Credit (Cr.) Accounts Payable

The North Face

($1,000)

Bill

💡 When we sync to QBO, the sum of all of the line items is what’s synced, not the bill’s amount in Settle. If you decide to opt out of fully itemizing the bill, please be sure to at least enter the total amount as a single line item.

Step 2:

You decide to finance this Bill on 1/1/2022.

Since Settle paid the original bill on your behalf, you now owe Settle the principal amount plus financing fees. We mark the original Bill as paid and create a new liability to Settle. This comprises two transactions:

1. A Journal Entry

We transfer the liability balance that you are financing from Accounts Payable to the Settle Loans Payable liability account (or whichever account you mapped for Settle loan principal). This shift will happen on your first repayment date.

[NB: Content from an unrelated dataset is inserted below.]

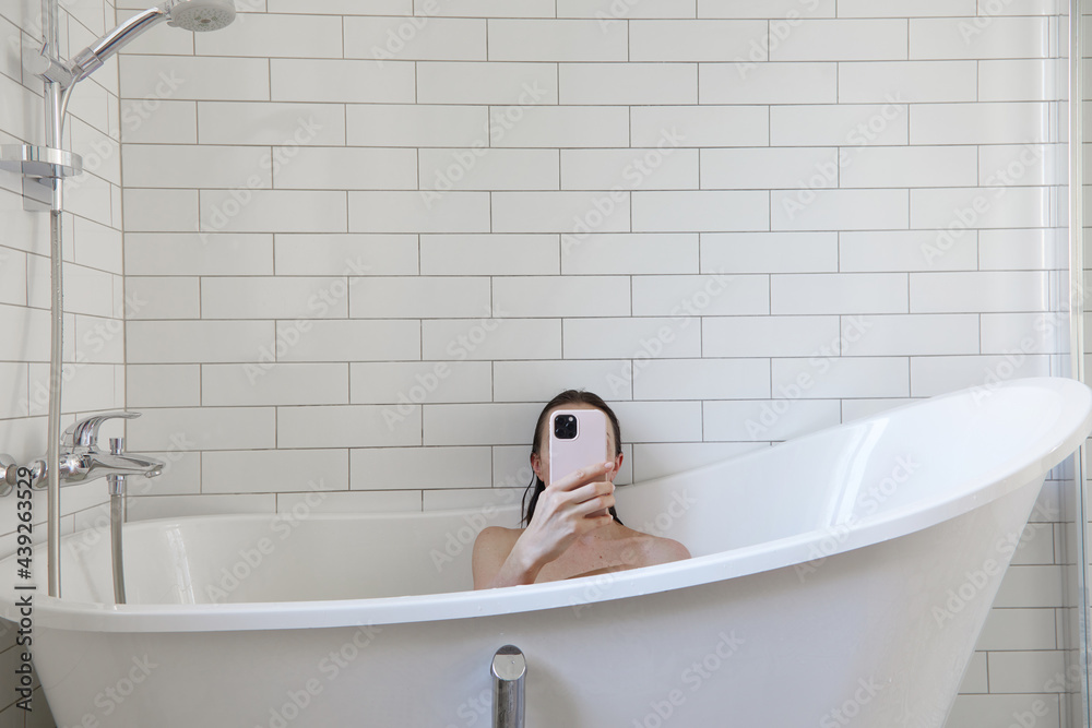Unrecognizable female covering face with mobile phone while taking bath in white bathtub and surfing internet during daily hygiene routine at home
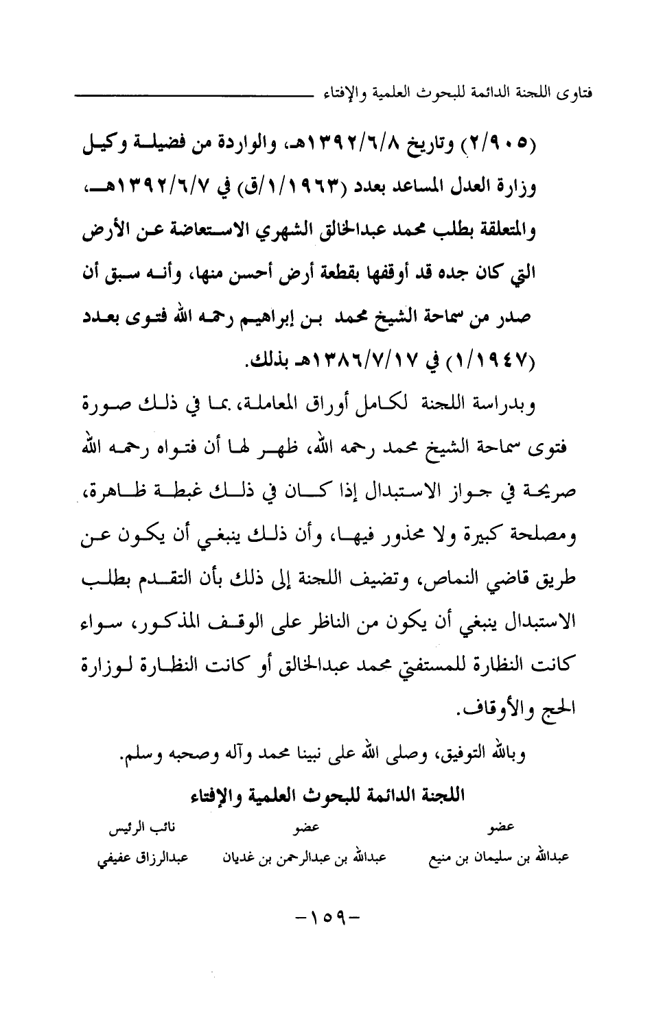 (905) وتاريخ 8 \ 6 \ 1392هـ، والواردة من فضيلة وكيل وزارة العدل المساعد بعدد (1963 \ 1 \ ق) في 7 \ 6 \ 1392هـ، والمتعلقة بطلب محمد عبد الخالق الشهري الاستعاضة عن الأرض التي كان جده قد أوقفها بقطعة أرض أحسن منها، وأنه سبق أن صدر من سماحة الشيخ محمد بن إبراهيم رحمه الله فتوى بعدد (1947 \ 1) في 17 \ 7 \ 1386هـ بذلك.

In the example below, the first payment against the loan is on 1/15/2022.

Date

Account

Vendor

Amount

Object Synced to QBO

1/15/2022

Debit (Dr.) Accounts Payable

The North Face

$1,000

Journal Entry

Credit (Cr.) Settle Loans Payable

Settle

($1,000)

Journal Entry

2. A Bill Payment

We create a zero-dollar Bill Payment that links the Journal Entry described above with the original Bill, reducing the Bill’s balance by the amount being financed. The Bill Payment has a $0 impact to your books, and we sync it to the “Settle Clearing Out” account that we automatically create so that it doesn’t clutter your bank registers.

Date

Account

Vendor

Amount

Object Synced to QBO

1/15/2022

Debit (Dr.) Accounts Payable

The North Face

$0

Bill Payment

Credit (Cr.) Settle Clearing Out

The North Face

($0)

Bill Payment

Step 3:

Example:

Once you have made your first installment payment, we record the repayment made to Settle. We split the payment into the principal and interest portions based on the payment schedule.

Settle does not create a liability for the owed interest. We only record it as an expense at the time the installment is paid.

Date

Account

Vendor

Amount

Object Synced to QBO

2/15/2022

Debit (Dr.) Settle Loans Payable

Settle

$500

Journal Entry

Debit (Dr.) Interest Expense

Settle

$25

Journal Entry

Credit (Cr.) Checking

Settle

($525)

Journal Entry

You will see a repayment journal entry, similar to the one above, for each installment payment. The breakdown of principal versus interest will correspond to your loan schedule.